## [WHAT TO PRODUCE]
Starting at the line that contains "Available May 26th, this" and stopping after the line that contains "Amazone ist eine", transcribe the listing below exactly; do not include any pictures.

## [EXCERPTED DATA]
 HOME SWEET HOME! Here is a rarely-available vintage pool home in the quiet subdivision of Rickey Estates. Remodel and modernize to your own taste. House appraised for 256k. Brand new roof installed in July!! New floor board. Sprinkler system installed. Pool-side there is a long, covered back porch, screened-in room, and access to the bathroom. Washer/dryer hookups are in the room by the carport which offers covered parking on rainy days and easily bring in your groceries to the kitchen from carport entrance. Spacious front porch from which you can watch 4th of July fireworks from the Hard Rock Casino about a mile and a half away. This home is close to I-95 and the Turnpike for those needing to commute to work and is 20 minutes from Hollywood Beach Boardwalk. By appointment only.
---
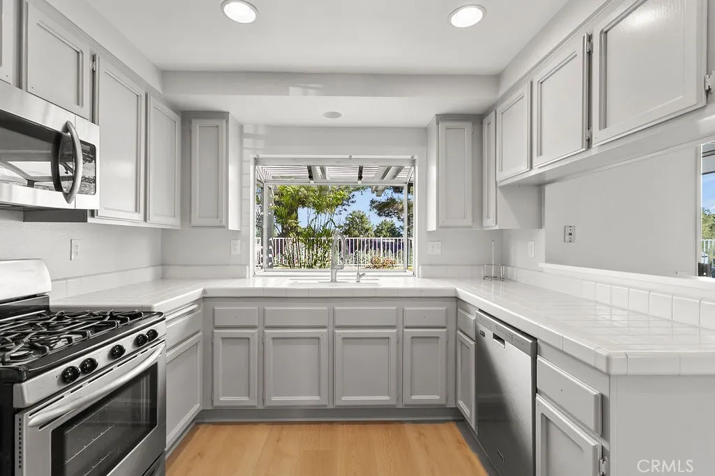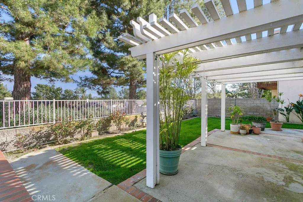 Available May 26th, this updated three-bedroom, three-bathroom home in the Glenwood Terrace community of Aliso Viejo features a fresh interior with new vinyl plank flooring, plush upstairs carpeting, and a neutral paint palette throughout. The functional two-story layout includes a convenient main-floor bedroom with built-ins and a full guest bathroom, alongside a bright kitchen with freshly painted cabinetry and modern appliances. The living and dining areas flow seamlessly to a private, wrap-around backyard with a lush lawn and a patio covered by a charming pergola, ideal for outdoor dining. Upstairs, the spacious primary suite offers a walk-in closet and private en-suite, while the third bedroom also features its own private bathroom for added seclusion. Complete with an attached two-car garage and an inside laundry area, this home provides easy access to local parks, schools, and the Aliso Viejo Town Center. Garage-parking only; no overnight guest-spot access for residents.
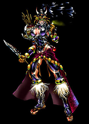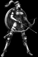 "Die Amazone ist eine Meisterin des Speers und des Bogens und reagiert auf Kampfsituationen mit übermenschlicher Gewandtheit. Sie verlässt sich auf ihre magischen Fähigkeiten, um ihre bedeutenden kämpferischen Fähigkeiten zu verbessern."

## [ANSWER AREA]
 Available May 26th, this updated three-bedroom, three-bathroom home in the Glenwood Terrace community of Aliso Viejo features a fresh interior with new vinyl plank flooring, plush upstairs carpeting, and a neutral paint palette throughout. The functional two-story layout includes a convenient main-floor bedroom with built-ins and a full guest bathroom, alongside a bright kitchen with freshly painted cabinetry and modern appliances. The living and dining areas flow seamlessly to a private, wrap-around backyard with a lush lawn and a patio covered by a charming pergola, ideal for outdoor dining. Upstairs, the spacious primary suite offers a walk-in closet and private en-suite, while the third bedroom also features its own private bathroom for added seclusion. Complete with an attached two-car garage and an inside laundry area, this home provides easy access to local parks, schools, and the Aliso Viejo Town Center. Garage-parking only; no overnight guest-spot access for residents.
 "Die Amazone ist eine Meisterin des Speers und des Bogens und reagiert auf Kampfsituationen mit übermenschlicher Gewandtheit. Sie verlässt sich auf ihre magischen Fähigkeiten, um ihre bedeutenden kämpferischen Fähigkeiten zu verbessern."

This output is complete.